Caste

The ambiguity of whether or not the Equal Rights Amendment has actually been ratified perfectly captures the status of women in today’s America. On the one hand, women have made huge strides in the last few decades. On the other hand, the US Supreme Court’s 2022 Dobb’s decision overturning Roe v Wade effectively relegated women to second-class citizens by stripping away their bodily autonomy. Oh, and did I mention that Kamala Harris lost the election to a man whose campaign Tim Walz characterized as the “He-Man Women-Haters Club?”

The recent news about the ERA brought me back not just to the election, but to this summer, when I happened to be listening to the audiobook of Isabel Wilkerson’s 2020 Caste: The Origins of Our Discontents right after Joe Biden’s disastrous debate. Caste refers to artificial hierarchy that helps determine standing and respect and shapes the infrastructure of our divisions and ranking. It encompasses sex as well as race.

As Democrats hotly debated whether or not Biden should step aside, and who should replace him, I listened to the section toward the end of the book in which Wilkerson predicts to a friend well before the 2016 presidential nominations were sewn up that Donald Trump will beat Hillary Clinton. She was sure that the conscious and unconscious pull of caste would be just too powerful to overcome.

Listening, I thought to myself, “There’s no way Kamala Harris will be elected President.” 

I had thought the same thing about Barack Obama in 2008. Talking myself through my fears took some doing. Eventually I came to realize that not voting for Obama because I believed America wouldn’t elect a Black man meant I was participating in the very racism that stood in his—and our country’s—way. 

Obama won. He even won twice, making what could have been a fluke seem more solid, hopeful. Obama’s victories added to the rare examples Wilkerson cites when people stand strong against the headwinds of caste. Arguably, though, the rise of Trump as his immediate successor demonstrates the powerful backlash against daring to defy caste’s strictures.

This time around, eight years later, there was a lot of talk about how many Americans feared that the country was not yet ready to elect a Black woman (often from Black women themselves, who carry first-hand knowledge in their bones). There was just as much talk urging people to work hard to elect Harris rather than succumbing to and thereby entrenching the iron rule of caste.

And so we did—millions of us, with wild joy and enthusiasm. It wasn’t enough.

Although I believe Kamala Harris lost primarily because people were upset about the cost of living, that does not negate the existence of racism and sexism. I never shook my fear that Isabel Wilkerson was right. As a Black woman, Kamala Harris faced a deep and double reservoir of bias, conscious and unconscious.

Trump’s constant degradation of women and non-Whites certainly granted a permission structure for outright sexism and racism to flourish openly. It’s not for nothing that the GOP’s first reactions to Harris’s candidacy were to call her a DEI hire and accuse her of sleeping her way to the top. Trump’s pronouncement that Harris had only recently decided to “turn Black” was a ludicrous insult, but also an effective dog-whistle signaling untrustworthiness and opportunism.
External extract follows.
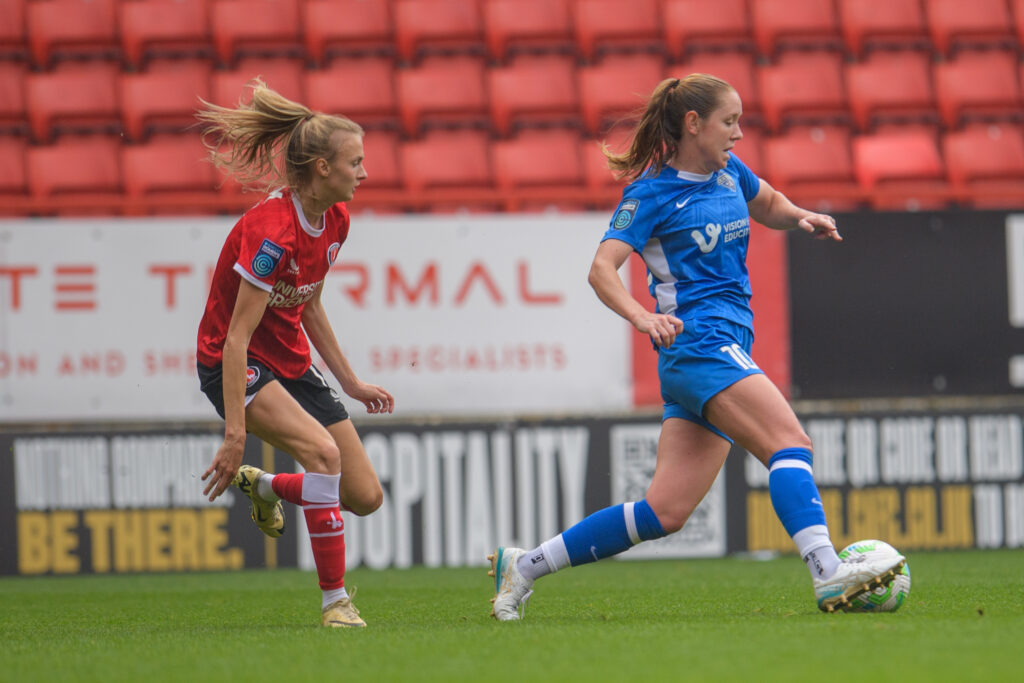 But it was still the visitors creating the better opportunities – Sarah Wilson steered a header narrowly wide from a Beth Hepple free-kick before Hannah Blake was just unable to turn home Carly Johns’ looped cross.

Still, the impact of racism and sexism is hard to quantify. Most people know better than to say to a pollster or a reporter what an older White man cheerfully told Jennifer Egan when she was canvassing for Harris in Pennsylvania: “I would never vote for a Black, and I would never vote for a woman.” Yet that’s exactly what I suspected people meant as the chorus of “I don’t know, I just need more specifics” grew every time Harris rolled out another concrete proposal.

Mentioning the possibility of racism and misogyny as factors in Harris’s defeat in the early days after the election generated such an intense reaction that you’d think the women of America had risen en masse to force spoonfuls of Skippy down the throats of men with severe peanut allergies. Per usual, women were blamed for Harris’s loss, although the candidate herself almost never talked about her race or sex. As New York Times columnist Jessica Grose pointed out, Democratic strategist James Carville often opined that “preachy females” are the problem and Democratic messaging comes across as “too feminine.” Grose wrote her essay as Trump was floating his fellow sexual predators Matt Gaetz and Pete Hegseth for Cabinet heads, and as the post-election slogan, “Your body, my choice,” became a taunt many boys flung at their female classmates on school yards across America. No wonder Grose acidly wrote, “But I guess I should stop talking about it” in response to the outrage common if someone dared suggest that sexism may have played a role in the election outcome

So here we are. Trump will be inaugurated again tomorrow, making what could have been a first-time fluke seem more solid, uglier than ever. As Ezra Klein notes, “the present feels decidedly male,” an even more amped-up version of Trump’s “gaudily masculine” campaign. I can think of less diplomatic adverbs, but I guess I should stop talking about it, too.

Caste has not yet loosened its grip. Equal Rights Amendment or not, we are going back. There’s no ambiguity to the diminished status of women and that sexism played a role in Trump 2.0.